Will this make it right? Or will this make it worse?
I just don’t know. I can calculate all the probabilities in my head. But it’s too close to fifty-fifty to give me a solid projection.
“Love,” I say out loud to the tin-foil stars, “is not a calculation, Five Aston. Love is a leap of faith.”
I’m not real good at faith.
But I am good at taking risks. So I inhale the deepest breath I can and… press send.
There. It’s done.
Princess Shrike is gonna get that video confession when she opens Love Notes.
“Fuck!” I yell to the canopy of dangling stars. “I fucking forgot Cliff Middleton has her phone!”
How could I be so stupid?
Is this what love does? Makes people stupid? It has to be, because I might’ve just fucked up everything. I just sent an admissible confession to my enemy!
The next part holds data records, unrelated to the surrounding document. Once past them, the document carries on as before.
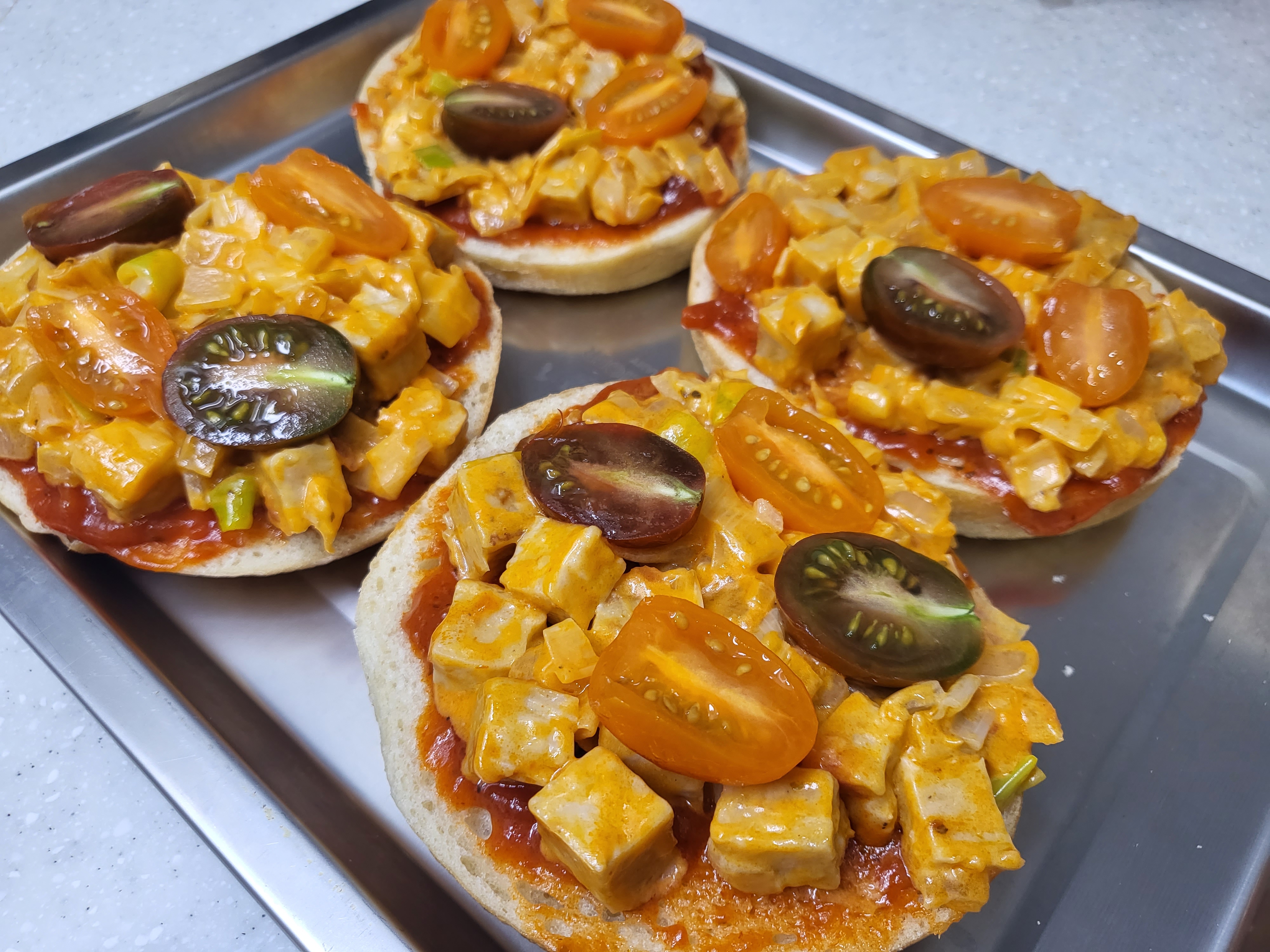 베이글, 토마토소스, 치즈, 대파, 양파, 토마토, 닭가슴살, 버터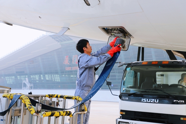 春運期間,廈門機場工作人員堅守崗位保障航班,服務每一位旅客順利出行。圖為廈門機場工作人員在機坪檢修飛機零部件。(廈門市紀委監委供 韓慧 攝)
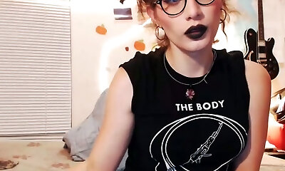 #5 Good-sized tits, Busty, emo cam girl with piercing masturbating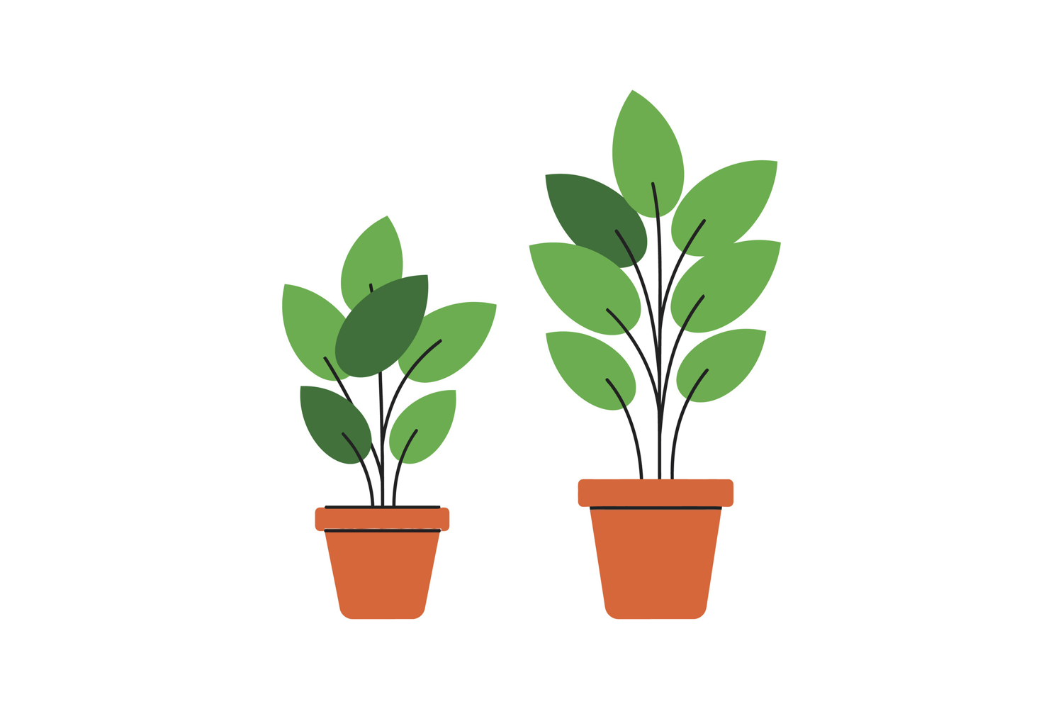 Two vibrant green plants in terracotta pots stand side by side, showcasing a fresh and lively atmosphere in a simple, flat style.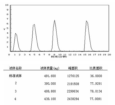 這是最簡捷、最快速的比表面測量儀器,每次測定一個標準樣品和三個被測樣品,總計需時僅20分鐘;對于超細粉體工業(yè)生產(chǎn)的比表面在線檢測及質量監(jiān)控是一種較為理想的儀器,該機典型的測試結果如上圖所示,靜態(tài)法儀器不具備此種功能。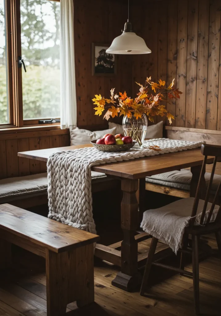 This wooden table is topped with a chunky knit runner, a clear vase of golden leaves, and a bowl of fresh apples. Surrounded by wood-paneled walls and bench seating, it radiates cabin coziness.

He’s gonna tell her. He’s gonna tell her everything he can think of so he can take her away from me. He’s gonna tell her I’m not who she thinks I am. That I am a bad guy. One of the worst bad guys in the entire world.
That I am, and have always been, a fucking criminal.
Chapter Fifteen - Rory
Halfway to Fort Collins I have second thoughts about leaving Five behind. But then the hurt takes over and that feeling—that tightness in my chest like something is about to crush my heart—comes back. And I’m angry all over again.
Besides, it’s not like I left him stranded out in the middle of nowhere. He’s on my family farm. It’s practically a country resort. He’ll probably go inside the pool house and go to sleep on the couch. Hell, he might even take a dip in the spa while he waits me out.
He knows I’ll be back. Eventually. I’ll always come back to him.
And then I’m angry all over again because fuck him if he thinks I’m so… so… predictable and easy!
I’m not going back. Nope. If I was standing instead of driving, I’d stomp my foot. Put it firmly down in place. Six fucking years. This man left me hanging for six fucking years!